Ladybug - set Sun/Light Source manually

Hi Guys,

My goal is to get information about the lighting in a room from arduino sensors and simulate the radiation in grasshopper to optimize an experimental freeform.

I was wondering if there is a way in Ladybug/Honeybee to set the light source manually? So without a certain “analysis period” looking for the right position of the sun in the .epw file.

Or is there maybe a better grasshopper plugin for this task?

thank you, Julian

Not sure if I fully understand what are you trying to do but there are several ways to create a light source in Honeybee including generating a dark sky: https://mostapharoudsari.gitbooks.io/honeybee-primer/content/text/c…

Hi Mostapha,

thanks for your fast response. I tried it with creating a “custom lamp” in a “dark sky”. I’m not sure if I figured it out yet but for now my problem is: no matter how much test points I have the “rundaylightanalysis” takes about 50seconds for a result.

Attached you’ll find screenshots, the grasshopper definition and a test surface in rhino.

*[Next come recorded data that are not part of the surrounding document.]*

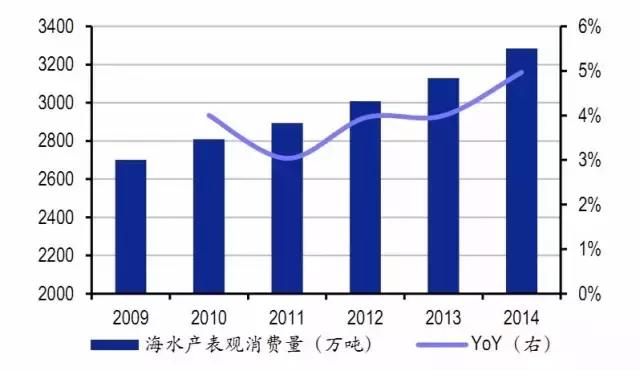 國內(nèi)海水產(chǎn)表觀消費(fèi)量穩(wěn)步上升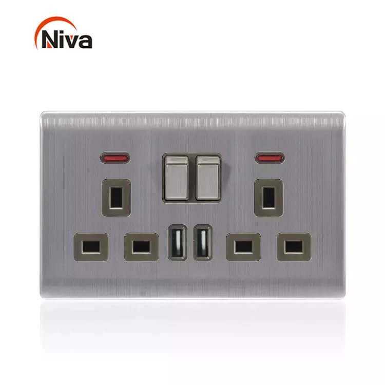 Нержавеющая поверхность, британские розетки, 2 Gang, Великобритания, 13a, плоский 3-контактный Электрический светильник, настенный выключатель, розетка с двойным Usb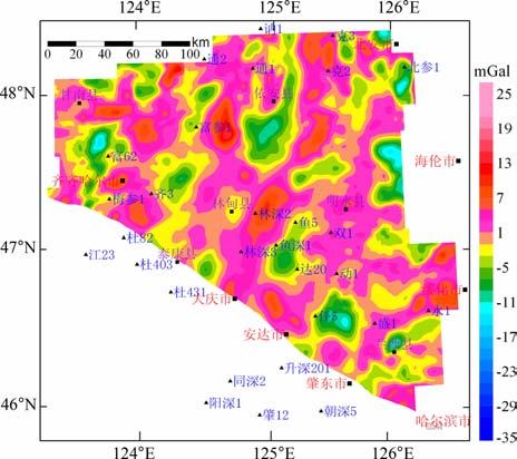 图 3 松辽盆地北部盖层重力异常效应图 Fig. 3 Plane soline map of gravity anomaly effect of cap-rock in north Songliao basin |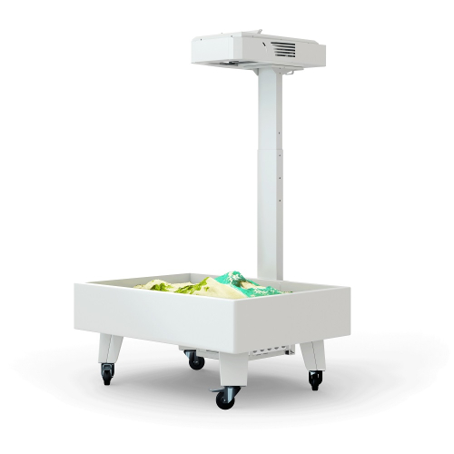 Мобильный резервуар с песком перемещается на колесах. В раздельном корпусе установлены компьютер, проектор и датчик глубины. Контрастность, яркость и цветопередача регулируются в зависимости от освещения. При помощи техники обычный песок превращается в имитацию рельефной земной поверхности.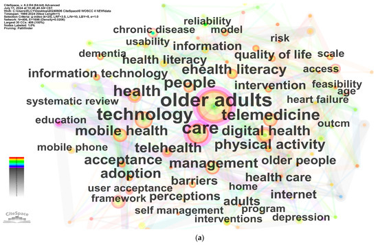 To present the research hotspots in recent years more clearly, a keyword clustering co-occurrence network timeline analysis was also conducted on the literature from 2019 to 2024, as shown in Figure 5c. Clusters have different lifespans, with the largest cluster in 2019–2024, Cluster 0 “physical activity”, shown at the top of the view. This largest cluster has more than 48 members and is slightly less homogeneous than the smaller clusters in terms of Silhouette score. In this study, the review focuses mainly on seven clusters: “physical activity”, “mobile health”, “technology acceptance”, “telemedicine”, “elderly people”, “elderly care”, and “digital health literacy”. These clusters have acceptable Modularity (Q = 0.3625 > 0.3) and Silhouette (S = 0.7059 > 0.6) scores. Based on the frequency of occurrence, the top five keywords are older adults, care, technology, telemedicine, and health.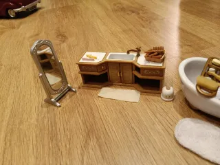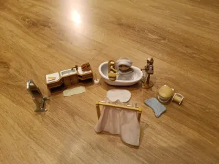 Conjunto de baño de Sylvanian Families. Incluye figuras y accesorios para crear escenas. - Bañera con figura. - Mueble de lavabo con espejo. - Inodoro y rollo de papel. - Accesorios de baño.
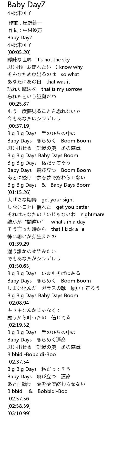 | [00:59.95] | Baby Days 飛び立つ Boom Boom |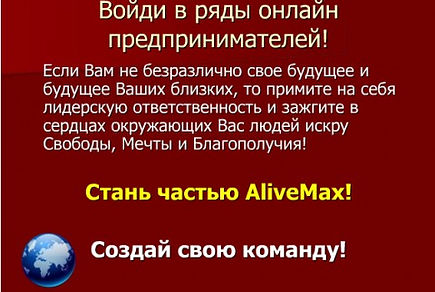 Компания AliveMax – Живи по Максимуму стартовала 1 мая 2009г. одновременно в 80-ти странах с уникальными продуктами для здоровья. Через два года компания пришла в Казахстан, на сегодня продукцией компании пользуются люди в 156 странах мира Компания входит в сотню лидеров МЛМ компаний.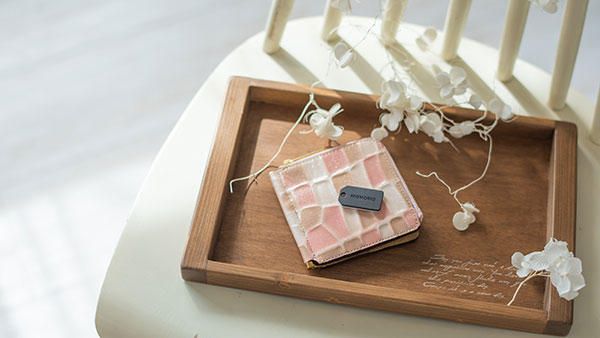 エナメル加工されたレザーとなりますので傷がつきにくく、新進工房の数あるレザーの中で、女性に一番人気のある革です。 -

As i need the results for an iterative optimization process, I wonder if there is an easier and faster way to get the radiance on a surface from a single custom light source?

thanks, Julian



Just in case you wonder. The project is about a physical kinetic model which has 5 lux sensors to evaluate the position of the sun/light source. With this information I want grasshopper to optimize the form of the model to gain maximum solar radiation for example.

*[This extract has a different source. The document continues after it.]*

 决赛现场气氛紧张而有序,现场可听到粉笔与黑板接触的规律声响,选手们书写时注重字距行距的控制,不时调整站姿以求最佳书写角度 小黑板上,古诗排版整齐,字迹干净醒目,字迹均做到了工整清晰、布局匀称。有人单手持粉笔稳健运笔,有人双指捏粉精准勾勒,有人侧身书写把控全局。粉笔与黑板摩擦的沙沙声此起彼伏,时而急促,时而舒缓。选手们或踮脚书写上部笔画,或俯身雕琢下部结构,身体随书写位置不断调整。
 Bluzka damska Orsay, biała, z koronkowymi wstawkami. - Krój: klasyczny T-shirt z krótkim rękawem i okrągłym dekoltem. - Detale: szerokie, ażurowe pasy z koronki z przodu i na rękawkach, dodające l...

test_lux_surface_definition.gh (200 KB)
test_lux_surface_geometry.3dm (116 KB)

Hi Julian,

Here are a few things that you can do:

  1. Make the calculation completely deterministic and get rid of ambient parameters: Looking at your model, I don’t see the geometry being surrounded by anything else (like walls, ceiling etc.). So, specifying ambient parameters in the simulation does not serve any purpose.

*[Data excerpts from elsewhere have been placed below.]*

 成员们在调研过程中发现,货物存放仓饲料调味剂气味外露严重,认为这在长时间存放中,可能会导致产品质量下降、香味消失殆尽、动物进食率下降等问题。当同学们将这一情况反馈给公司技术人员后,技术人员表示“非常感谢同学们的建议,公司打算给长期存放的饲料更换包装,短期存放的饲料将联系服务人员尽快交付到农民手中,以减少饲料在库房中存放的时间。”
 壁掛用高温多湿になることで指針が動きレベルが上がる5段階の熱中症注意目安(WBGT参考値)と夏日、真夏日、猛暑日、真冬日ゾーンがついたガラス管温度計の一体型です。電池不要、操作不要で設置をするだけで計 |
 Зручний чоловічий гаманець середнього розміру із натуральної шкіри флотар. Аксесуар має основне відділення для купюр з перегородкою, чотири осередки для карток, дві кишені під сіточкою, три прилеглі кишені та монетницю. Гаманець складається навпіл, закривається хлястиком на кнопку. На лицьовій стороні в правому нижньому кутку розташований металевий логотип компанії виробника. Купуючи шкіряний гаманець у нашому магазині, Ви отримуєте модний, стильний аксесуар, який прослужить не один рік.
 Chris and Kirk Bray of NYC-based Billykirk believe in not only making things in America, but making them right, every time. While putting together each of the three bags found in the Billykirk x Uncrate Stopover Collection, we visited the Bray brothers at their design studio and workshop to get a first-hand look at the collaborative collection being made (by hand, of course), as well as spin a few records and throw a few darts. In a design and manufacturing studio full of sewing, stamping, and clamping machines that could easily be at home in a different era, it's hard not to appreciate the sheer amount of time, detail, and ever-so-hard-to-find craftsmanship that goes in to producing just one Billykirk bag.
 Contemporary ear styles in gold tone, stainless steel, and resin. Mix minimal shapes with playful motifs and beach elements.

  2. Get rid of source subdivision by setting -ds to 0. This will make Radiance assume that your source is a point source ( which seems to be a valid assumption in your case).

  3. Finally, you can cut down the time even more by magnifying the candela value of a single light fixture instead of using the 9 fixtures that you have right now. This is a hack, but will work because that way, even the deterministic part of the calculation will feature only 1 variable instead of 9. You can make this work by increasing the candelaMultiplier of that one source by 9.

I have attached a gh file (which shows the parameters options) as an example. The points I have made above will mostly work for electric lighting only. Daylighting needs different kind of optimization because we are dealing with parallel rays from the sun and not a source with directional distribution like electric lights.

The image below is base-case. Takes the maximum time, using default settings.

This one is with direct-only calculations.

This is the case where a single fixture was used and the candela multiplier was used to magnify it’s brightness 9 times. Took the least amount of time…but as you can there is a perceptible difference between this one and the base-case.

test_lux_surface_definition_Sarith.gh (526 KB)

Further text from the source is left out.